The main pollutants in the air mainly include PM2.5, PM10, CO, NO2, SO2, O3, and they are often referred to as the two aerosols and four gases. Atmospheric monitoring stations are often used by many large cities to realize the monitoring of these pollutants. These atmospheric monitoring stations are called reference sensor stations in this study. The advantage of reference sensor stations is that the monitoring data of air pollutant concentrations are more accurate (Luo et al., 2022). However, the high cost of constructing and maintaining a reference sensor station makes it difficult to achieve grid-based deployment. In addition, the data release of the reference sensor station is characterized by a lag, so it is also difficult for it to achieve real-time monitoring of an area.

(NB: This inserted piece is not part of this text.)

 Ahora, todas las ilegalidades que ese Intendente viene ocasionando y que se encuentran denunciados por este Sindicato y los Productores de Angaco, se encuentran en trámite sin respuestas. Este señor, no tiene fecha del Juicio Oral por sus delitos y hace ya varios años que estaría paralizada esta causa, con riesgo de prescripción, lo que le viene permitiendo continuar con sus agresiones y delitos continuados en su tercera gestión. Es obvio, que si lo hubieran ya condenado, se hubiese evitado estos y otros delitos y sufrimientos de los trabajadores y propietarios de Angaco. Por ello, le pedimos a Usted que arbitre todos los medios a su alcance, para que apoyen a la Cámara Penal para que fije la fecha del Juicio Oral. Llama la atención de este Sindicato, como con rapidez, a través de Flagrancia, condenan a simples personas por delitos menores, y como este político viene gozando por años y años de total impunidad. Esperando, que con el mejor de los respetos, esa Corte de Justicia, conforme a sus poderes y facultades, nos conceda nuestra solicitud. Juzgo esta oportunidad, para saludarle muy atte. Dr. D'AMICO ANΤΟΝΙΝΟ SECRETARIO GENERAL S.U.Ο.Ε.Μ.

The emergence and development of miniature air quality monitors has facilitated the monitoring of air pollutant concentrations. It collects gas samples from the surrounding environment through an air inlet and then transmits the collected gas samples to the sensing area of an electrochemical sensor. The gas samples come into contact with the working electrodes in the electrochemical sensors, triggering an electrochemical reaction. The electrical signals generated by the electrochemical reaction will be recorded by the sensors and converted into measurable signal outputs, and the final data monitoring results will be obtained. The advantages of miniature air quality monitors are that they are easy to install, less costly, and can be deployed on a large scale in key areas to enable grid-based monitoring of the area. In addition, they are easy to read and can enable real-time monitoring of the concentration of air pollutants (Masson et al., 2015; Spinelle et al., 2015). Some miniature air quality monitors can not only monitor the concentration of two aerosols and four gases, but also realize the monitoring of some meteorological parameters such as wind speed, pressure, precipitation, temperature and humidity. The locations where the miniature air quality monitors are deployed are referred to as miniature sensor stations in this study.

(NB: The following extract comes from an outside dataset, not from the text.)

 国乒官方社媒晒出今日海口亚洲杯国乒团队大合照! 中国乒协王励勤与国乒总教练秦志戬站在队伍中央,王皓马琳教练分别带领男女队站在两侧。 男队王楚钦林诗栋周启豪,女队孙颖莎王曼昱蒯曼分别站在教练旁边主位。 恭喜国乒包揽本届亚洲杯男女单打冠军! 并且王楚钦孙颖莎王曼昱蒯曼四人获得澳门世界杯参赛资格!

However, the electrochemical sensors of the miniature air quality monitors are susceptible to cross-talk from external factors such as weather factors and changes in the concentration of other non-conventional gaseous pollutants. In addition, the electrochemical sensors are susceptible to zero drift and range drift after prolonged use, which can lead to errors in the measurement data of the miniature air quality monitor (Castell et al., 2017; Liu et al., 2021a). Therefore, calibration of miniature sensor measurements can promote the development and popularization of miniature air quality monitors and guarantee the sustainable development of air quality.

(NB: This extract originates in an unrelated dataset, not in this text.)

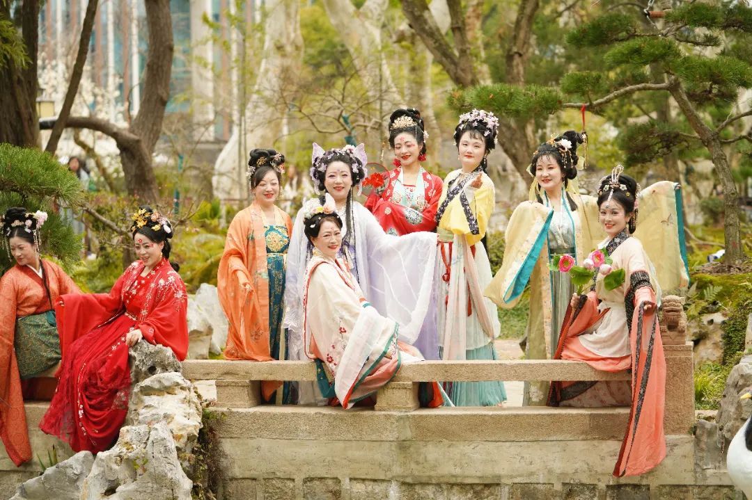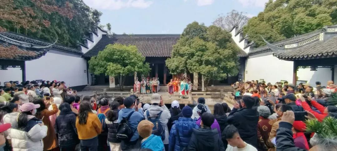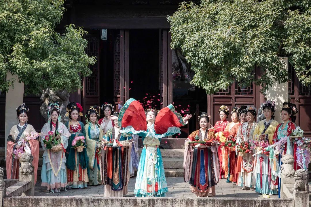 当天下午,来自静安区北站街道北舞泱华汉舞团的舞者扮演着“十二月令花仙”,舞者们身着华丽彩衣,头戴簪饰,手捧花篮,从雪海堂内缓缓步入庭院中央,随着音乐渐起,“兰花花神”和“花仙子”们一起翩翩起舞,轻盈的舞姿如同春风拂过柳枝,又似蝴蝶在花间穿梭,仿佛将春天的气息和生机带到江南园林的每一个角落。“感觉这个活动很有意思,能让大家了解到花朝节的文化习俗,更加感觉到江南园林是花美景也美,更有人文的浪漫气息。”一位游客一边拍照一边说。

1.2 Pollutant concentration forecasting models

Pollutant concentration forecasting models can be effectively implemented to calibrate the measurement data of miniature air quality monitors. Common pollutant concentration prediction models include mechanistic and statistical models. Mechanistic models are the use of mathematical methods combined with meteorological principles to realize the simulation of physico-chemical processes of pollutants. They typically use physical and chemical equations to describe the generation and disappearance of pollutants, taking into account chemical reactions between pollutants, radiation, turbulent diffusion, etc., in order to predict pollutant concentrations in the atmosphere and air quality (Tagaris et al., 2007; Azid et al., 2018). Mechanistic models have some chemical and physical theoretical basis and can provide an in-depth understanding of air quality. However, the establishment of mechanistic models requires rich knowledge in the field of atmospheric chemistry and meteorology. In addition, the formation and propagation processes of pollutants are very complex, resulting in high complexity of mechanistic models and insufficient prediction accuracy.

Statistical models are primarily based on historical observations and statistical methods to predict air quality by analyzing and establishing statistical relationships. Traditional statistical models have been modeled using techniques such as regression analysis (Ayers, 2001; Tai et al., 2010; Suriano et al., 2020), grey prediction (Dun et al., 2020; Wu et al., 2022), hidden Markov chain (Oettl et al., 2003; Sun et al., 2013) and time series analysis (Jian et al., 2012; Zhang et al., 2018; Koo et al., 2019) to achieve predictions of pollutant concentrations. Abdullah et al. used air pollution data from Malaysia from 2005 to 2014 to establish and compare three stepwise multiple linear regression models using three different prediction times, and successfully completed the prediction of local PM10 concentration (Abdullah et al., 2020).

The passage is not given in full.